**EXERCISE REQUIREMENTS:**
Produce word for word the lines of the data below running from the one that has "- После складывания" to the one that has "ブラウス カットソー プルオーバー", inclusive, and no others.

**RECORDED DATA:**
>>>>>

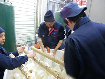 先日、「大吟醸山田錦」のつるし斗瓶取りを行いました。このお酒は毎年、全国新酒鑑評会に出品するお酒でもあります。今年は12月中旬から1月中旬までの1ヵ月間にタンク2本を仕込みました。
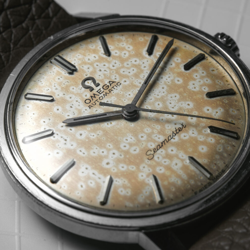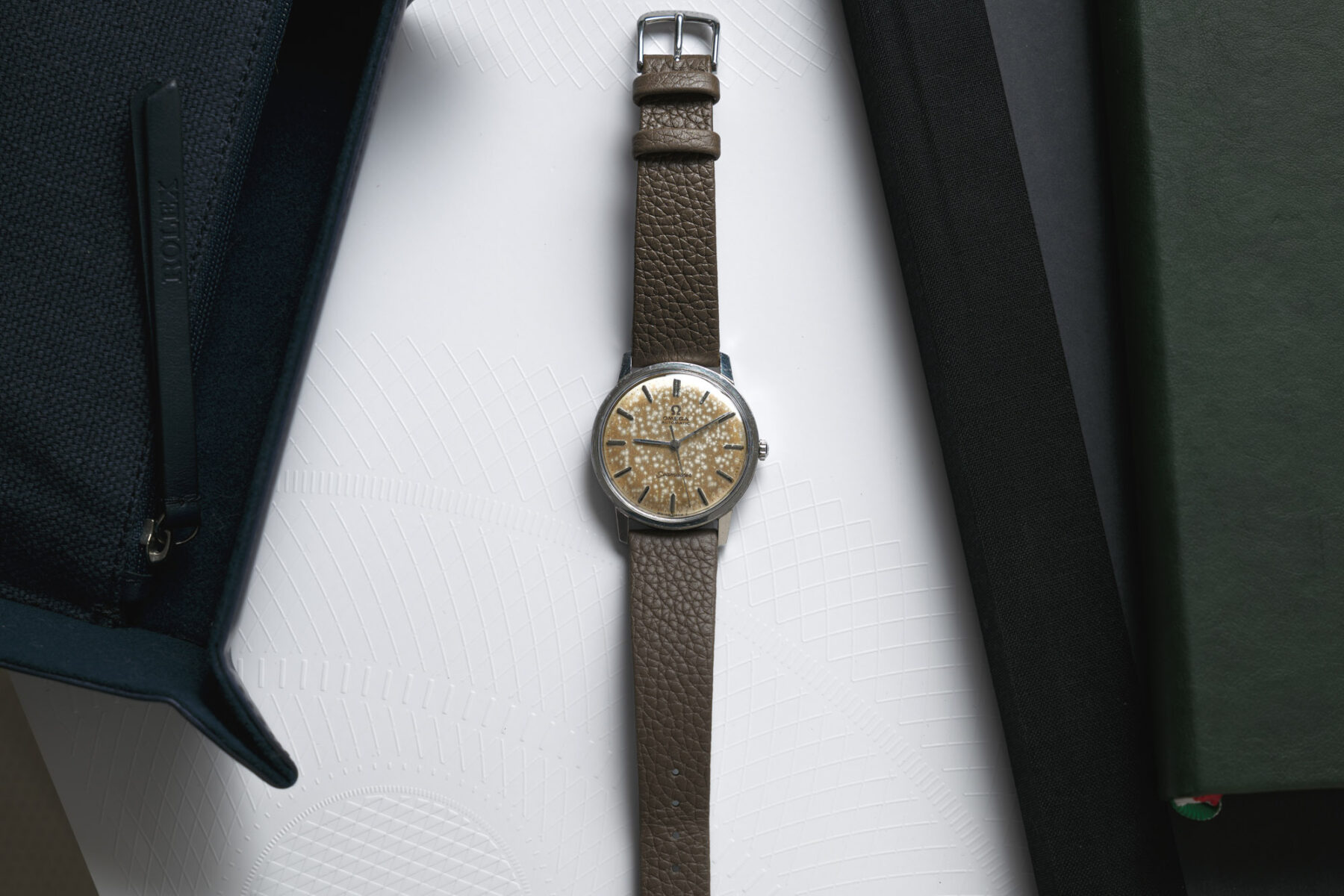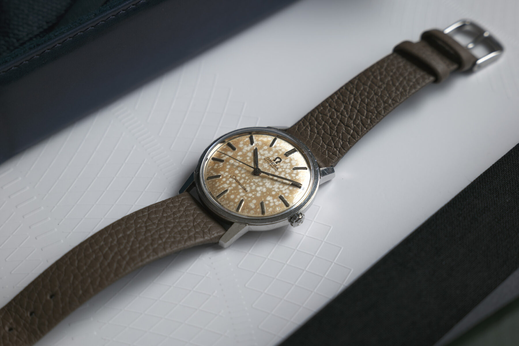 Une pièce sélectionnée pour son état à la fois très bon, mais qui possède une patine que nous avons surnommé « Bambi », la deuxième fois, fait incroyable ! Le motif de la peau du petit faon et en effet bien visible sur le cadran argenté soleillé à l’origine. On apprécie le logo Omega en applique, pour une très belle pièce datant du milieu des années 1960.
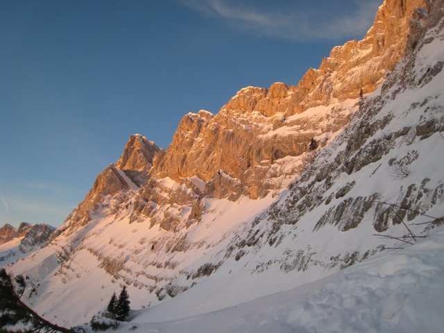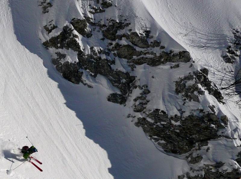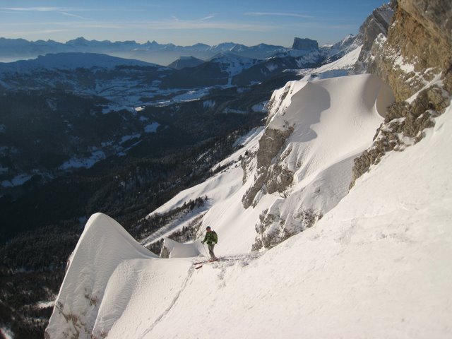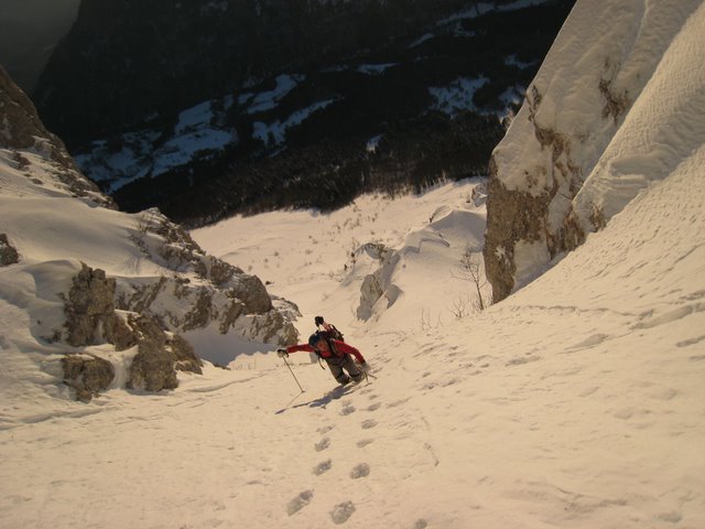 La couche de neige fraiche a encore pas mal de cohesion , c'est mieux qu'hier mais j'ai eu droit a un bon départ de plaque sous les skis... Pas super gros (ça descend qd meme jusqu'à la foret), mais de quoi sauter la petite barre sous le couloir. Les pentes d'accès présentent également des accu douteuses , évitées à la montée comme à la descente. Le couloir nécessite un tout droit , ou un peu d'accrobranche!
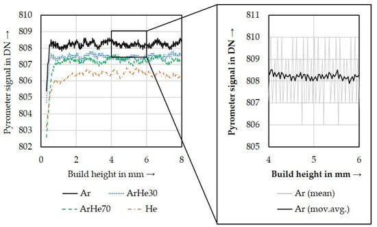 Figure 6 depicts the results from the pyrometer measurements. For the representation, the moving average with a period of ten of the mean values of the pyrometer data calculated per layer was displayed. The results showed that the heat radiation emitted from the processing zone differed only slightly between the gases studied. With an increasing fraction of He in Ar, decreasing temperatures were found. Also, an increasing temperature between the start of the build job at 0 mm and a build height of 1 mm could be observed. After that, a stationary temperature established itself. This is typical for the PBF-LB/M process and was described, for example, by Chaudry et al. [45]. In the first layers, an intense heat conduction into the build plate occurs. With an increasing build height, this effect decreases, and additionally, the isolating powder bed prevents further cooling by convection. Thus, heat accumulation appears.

<<<<<
>>>>>

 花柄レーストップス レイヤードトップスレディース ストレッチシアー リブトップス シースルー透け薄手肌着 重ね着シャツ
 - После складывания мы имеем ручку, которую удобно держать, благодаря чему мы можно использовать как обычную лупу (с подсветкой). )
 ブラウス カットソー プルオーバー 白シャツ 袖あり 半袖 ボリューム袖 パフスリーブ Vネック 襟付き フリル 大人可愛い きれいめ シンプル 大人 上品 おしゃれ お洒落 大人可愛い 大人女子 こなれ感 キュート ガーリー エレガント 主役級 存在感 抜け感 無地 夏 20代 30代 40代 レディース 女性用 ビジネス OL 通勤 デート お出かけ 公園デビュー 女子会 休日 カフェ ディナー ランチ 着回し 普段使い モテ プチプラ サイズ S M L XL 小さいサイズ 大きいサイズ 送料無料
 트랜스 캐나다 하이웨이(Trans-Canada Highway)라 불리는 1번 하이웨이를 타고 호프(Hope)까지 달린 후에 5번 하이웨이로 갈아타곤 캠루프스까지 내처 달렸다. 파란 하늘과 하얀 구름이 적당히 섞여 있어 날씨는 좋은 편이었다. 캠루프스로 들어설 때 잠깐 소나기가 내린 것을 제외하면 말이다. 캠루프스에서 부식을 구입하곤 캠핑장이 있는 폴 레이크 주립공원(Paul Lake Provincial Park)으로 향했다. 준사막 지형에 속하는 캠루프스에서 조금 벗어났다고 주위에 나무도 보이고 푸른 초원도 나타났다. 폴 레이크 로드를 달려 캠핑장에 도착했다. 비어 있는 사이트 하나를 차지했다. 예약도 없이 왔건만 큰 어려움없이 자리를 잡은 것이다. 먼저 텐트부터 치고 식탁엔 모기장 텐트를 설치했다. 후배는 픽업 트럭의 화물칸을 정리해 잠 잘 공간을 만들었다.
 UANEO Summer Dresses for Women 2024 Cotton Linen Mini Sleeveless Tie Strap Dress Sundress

<<<<<
>>>>>

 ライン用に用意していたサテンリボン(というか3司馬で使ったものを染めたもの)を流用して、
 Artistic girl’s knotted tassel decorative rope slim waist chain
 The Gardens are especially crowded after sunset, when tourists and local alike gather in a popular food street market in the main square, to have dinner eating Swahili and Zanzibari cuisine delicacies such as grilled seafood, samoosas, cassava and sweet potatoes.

<<<<<

**COMPLETED TASK:**
 - После складывания мы имеем ручку, которую удобно держать, благодаря чему мы можно использовать как обычную лупу (с подсветкой). )
 ブラウス カットソー プルオーバー 白シャツ 袖あり 半袖 ボリューム袖 パフスリーブ Vネック 襟付き フリル 大人可愛い きれいめ シンプル 大人 上品 おしゃれ お洒落 大人可愛い 大人女子 こなれ感 キュート ガーリー エレガント 主役級 存在感 抜け感 無地 夏 20代 30代 40代 レディース 女性用 ビジネス OL 通勤 デート お出かけ 公園デビュー 女子会 休日 カフェ ディナー ランチ 着回し 普段使い モテ プチプラ サイズ S M L XL 小さいサイズ 大きいサイズ 送料無料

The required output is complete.